30 Ridiculous Pet Products That Prove (Some) People Are Crazy

By Abby Heugel

We know that people love their pets, and rightfully so. They’re loyal, they’re kind, and they won’t tag you in random pictures on Facebook. But sometimes that love gets taken a little bit too far and veers over into the realm of a little bit crazy.

We’re not talking about just clothes — we’ve all seen those around — but rather things like fake testicles, perfume, and sex toys for dogs that prove people have too much time and money on their hands.

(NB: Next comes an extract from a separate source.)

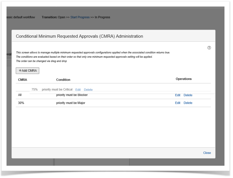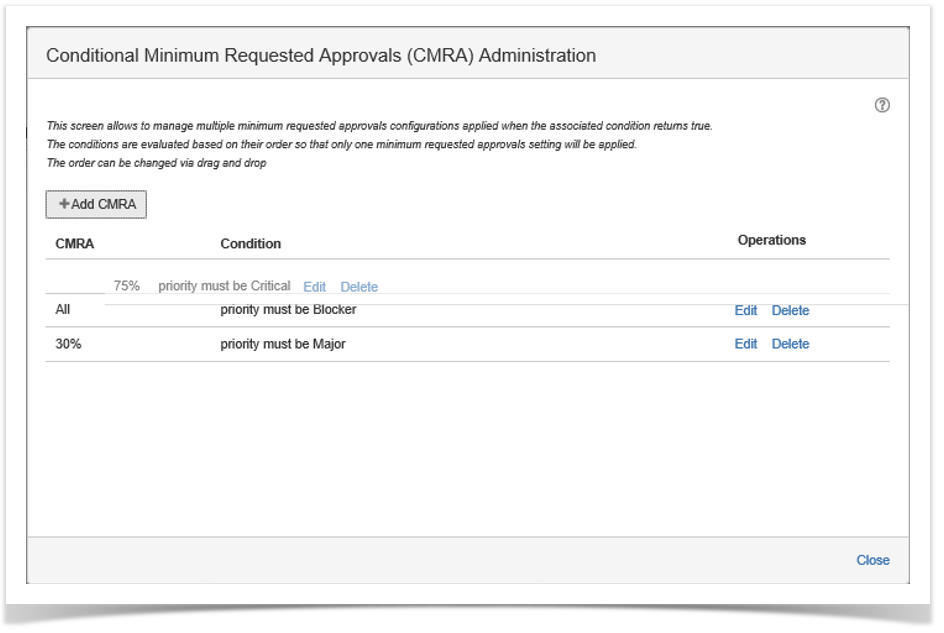 Similarly to the MRA, a CMRA allows to specify the minimum number of approvals allowing transition the issue also if not all the configured Approval requests have been approved and also if some of them have been rejected.

Don’t believe me? Check out these 30 certifiably insane products.

The Pet High Chair

They claim that “By providing an alternative to sitting on your lap, running disruptively underfoot, or outright banishment, the chair assuages a pet (and its owner’s) frustration, and promotes more refined behavior.” Or you could just let your pet be a pet for the 20 minutes that you’re eating.


Via: Hammacher Schlemmer

Bubbletastic Bacon Bubble Blower

Dogs like bacon. Dogs like chasing bubbles. Dogs do not like being teased into thinking that the bubbles that taste like bacon are actually bubbles and not bacon.


Image: Amazon


Considering cats will walk across whatever surface it is you’re trying to work on anyway, I suppose if you have $5,000 to blow, this could be a preventative measure. This table features a series of openings and tunnels that have been carved out by hand to create spaces for a cat to satisfy its curiosity and allow pet owners to share their work space with a feline friend. Good luck with that.


Via: Dezeen

Sexy Beast Dog Perfume

If you think your dog has anxiety (what with all the other dogs sniffing their hind ends and the fact they eat rabbit poop out in the yard) then this $70 bottle unisex perfume with a mix of natural patchouli, mandarin, and nutmeg oils is just for you.


Via: Natural Pets

Nightstand Litter Box

In theory, this nightstand stylishly hides the litter box that you keep in your bedroom for some unknown reason. Instead of having to look at said litter box, now you only have to smell what’s inside — right next to your bed — and listen to your cat bury its poop at 2 a.m.